Problem to work on: Transcribe word for word the section of the records below that opens with the line containing "万物复苏,阳光和暖。2022" and closes with the line containing "Vzácný reklamní sáček"; drop every picture.

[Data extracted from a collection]
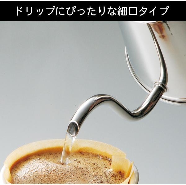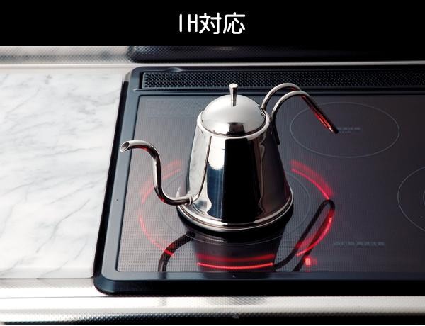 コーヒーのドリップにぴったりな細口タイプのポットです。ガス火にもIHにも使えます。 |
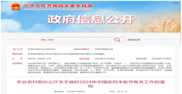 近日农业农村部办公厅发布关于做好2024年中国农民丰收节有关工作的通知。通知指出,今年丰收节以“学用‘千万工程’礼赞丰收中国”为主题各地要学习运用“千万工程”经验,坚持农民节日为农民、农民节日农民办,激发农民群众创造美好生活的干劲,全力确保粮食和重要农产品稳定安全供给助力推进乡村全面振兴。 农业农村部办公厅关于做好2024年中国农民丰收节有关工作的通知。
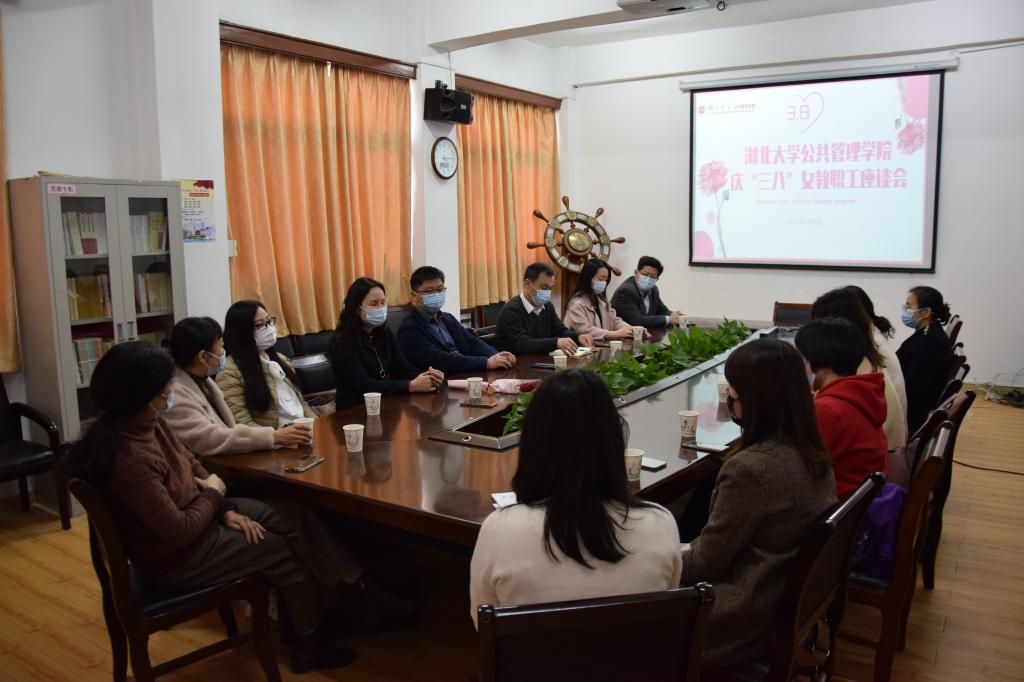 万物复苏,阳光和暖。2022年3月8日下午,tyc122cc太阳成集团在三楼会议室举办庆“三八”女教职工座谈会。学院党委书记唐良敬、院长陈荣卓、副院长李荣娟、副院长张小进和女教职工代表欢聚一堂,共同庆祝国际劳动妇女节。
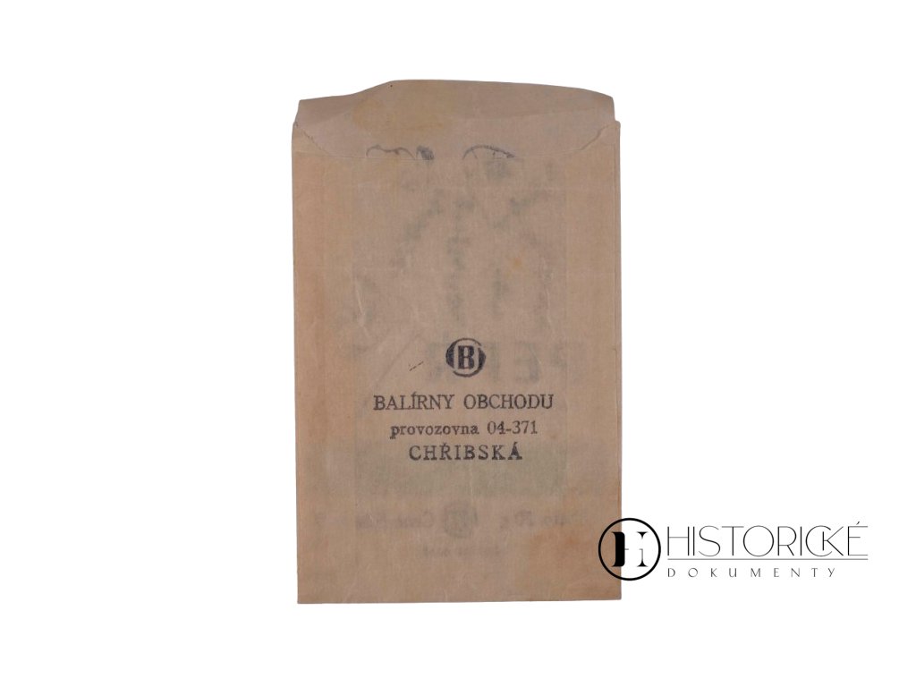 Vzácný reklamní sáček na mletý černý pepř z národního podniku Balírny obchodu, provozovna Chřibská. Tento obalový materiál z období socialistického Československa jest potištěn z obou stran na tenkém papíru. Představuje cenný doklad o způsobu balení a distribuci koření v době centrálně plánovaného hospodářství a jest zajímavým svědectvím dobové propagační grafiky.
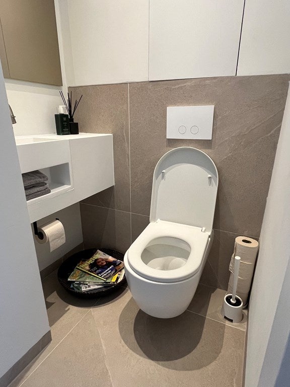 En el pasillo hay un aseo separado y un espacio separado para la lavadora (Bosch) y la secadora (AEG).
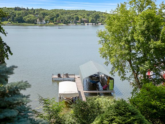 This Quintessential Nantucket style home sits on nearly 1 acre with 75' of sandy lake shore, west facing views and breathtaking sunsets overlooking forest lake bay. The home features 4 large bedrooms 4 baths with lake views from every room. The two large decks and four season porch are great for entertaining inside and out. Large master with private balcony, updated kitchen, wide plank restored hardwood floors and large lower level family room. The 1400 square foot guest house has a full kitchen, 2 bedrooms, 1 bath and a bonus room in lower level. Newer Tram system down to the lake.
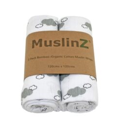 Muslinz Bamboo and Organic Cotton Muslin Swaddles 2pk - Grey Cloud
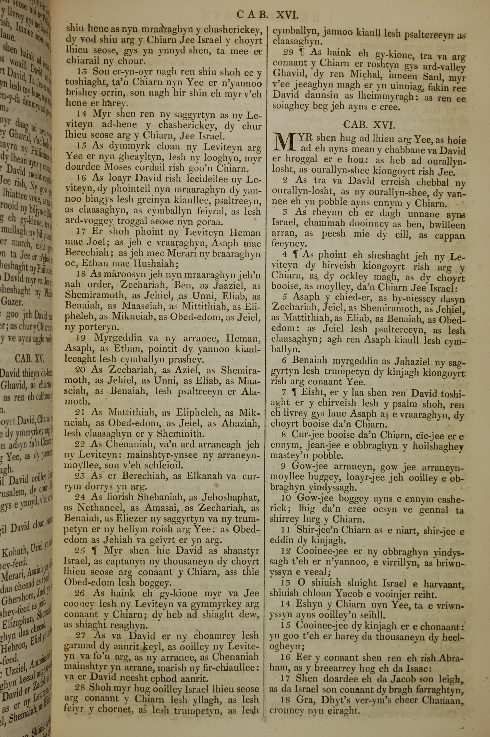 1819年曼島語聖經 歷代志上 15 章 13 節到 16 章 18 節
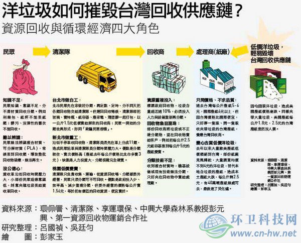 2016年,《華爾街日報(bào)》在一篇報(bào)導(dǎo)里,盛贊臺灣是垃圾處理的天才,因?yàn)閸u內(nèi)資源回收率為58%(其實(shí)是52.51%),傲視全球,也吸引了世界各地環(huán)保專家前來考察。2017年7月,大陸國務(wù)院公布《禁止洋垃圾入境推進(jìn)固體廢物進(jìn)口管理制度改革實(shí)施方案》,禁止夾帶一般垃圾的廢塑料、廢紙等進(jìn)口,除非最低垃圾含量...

Result of the task:
 万物复苏,阳光和暖。2022年3月8日下午,tyc122cc太阳成集团在三楼会议室举办庆“三八”女教职工座谈会。学院党委书记唐良敬、院长陈荣卓、副院长李荣娟、副院长张小进和女教职工代表欢聚一堂,共同庆祝国际劳动妇女节。
 Vzácný reklamní sáček na mletý černý pepř z národního podniku Balírny obchodu, provozovna Chřibská. Tento obalový materiál z období socialistického Československa jest potištěn z obou stran na tenkém papíru. Představuje cenný doklad o způsobu balení a distribuci koření v době centrálně plánovaného hospodářství a jest zajímavým svědectvím dobové propagační grafiky.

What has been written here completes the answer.